Только ли Забота владеет человеком как живым существом! Нет - говорит «Каушитаки-упанишада»: дыханье, прана - высшее «божество». Бездыханное тело лежало, как кусок дерева. В него вошли все органы души. «Говоря языком, видя глазами, слыша ушами, думая мыслью, продолжало оно лежать. Затем дыхание вошло в него. Сразу же после этого оно поднялось» /12, с. 202/, потому «дыхание - это Брахман», «мысль - гонец этого дыхания, Брахмана; зрение - его охранитель; слух — его вестник; речь - его слуга». /12, с. 201/. Дыхание оживотворяет все вокруг. Звук вторичен в слове, первично дыхание. Поэтому написанное слово всегда мертво. Живой бывает только речь. Все усилия Гадамера оживить текст бесплодны. Не помогают и его разговоры о «разговоре» (не поможет и современное телевидение). Только речь, наполненная живым дыханием способна совершить чудо, которого добивается герменевтика.

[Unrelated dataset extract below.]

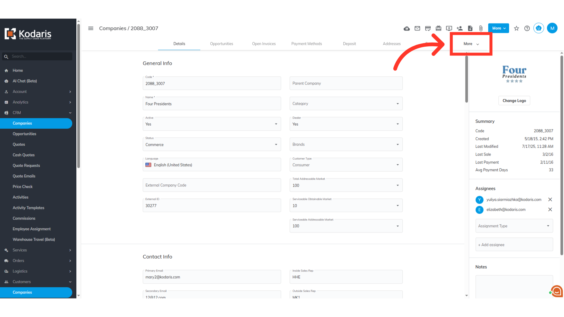 Then, click on the more details icon to view company details.
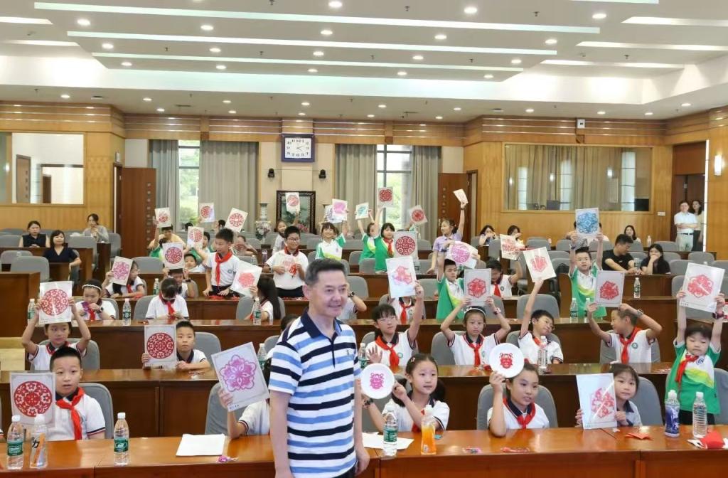 在非遗剪纸课堂,湖北省工艺美术大师沈松柏老师执剪示范,带领学生们在红纸上精心镂刻出“哪吒”“春”等充满中华韵味的图案。剪刀翻飞间,孩子们屏息凝神,指尖流淌的不仅是对传统技艺的探索热情,更是对文化根脉的深切体认。一张张剪纸作品,成为无声的爱国宣言,将维护文化安全、传承民族精粹的种子悄然埋入心田。

Предания передавались из уст в уста. Почему? Гадамеру не ведомо слово «бэрэк». Его нет и в русском языке. Известный популяризатор суфизма Идрис Шах, толкуя это слово, полностью обессмысливает его, приводя 11 совершенно различных значений. Автор приводит также мнение мистера Джона Гамильтона, который «предлагал использовать слово «барака» в английском языке для обозначения определенных качеств людей или предметов, таких, как «благодать, исходящая от Иисуса и других великих целителей»» /13, с. 406/. Но мистер Джон Гамильтон не является носителем суфийской культуры. Поэтому за аутентичным смыслом этого слова мы обращаемся к словарю башкирского языка. Прямое и единственное значение этого слова - возглас изумления. Производное от него слово «бэрэкэт» означает человека, наделенного благодатью, или же харизмой. Передать «бэрэк» - значит ввергнуть человека в экстатическое состояние. Для того, чтобы состоялась такая передача, необходим диалог «с глазу на глаз». Тот, кто передает «бэрэк», должен обладать всего двумя качествами: абсолютным авторитетом и умением отвечать на вопросы не формально, а каждый раз словно заново порождая слова. Это чу
до рождения слова и есть чудо «бэрэк». При таком диалоге основная «тяжесть» падает на того, кто спрашивает. Своими вопросами он должен вывести предмет разговора к его предельным основаниям. Для этого у него должна быть соответствующая настроенность, но тот, кто передает «бэрэк», может и не осознавать происходящего с его собеседником. Иными словами, это может произойти совершенно случайно и неосознанно. Но без такого диалога невозможна передача подлинно духовной традиции. И, наверное, неслучайно на Западе часто повторяют ставшее знаменитым высказывание Аристотеля-. «удивление побуждает людей философствовать» /1, с. 69/.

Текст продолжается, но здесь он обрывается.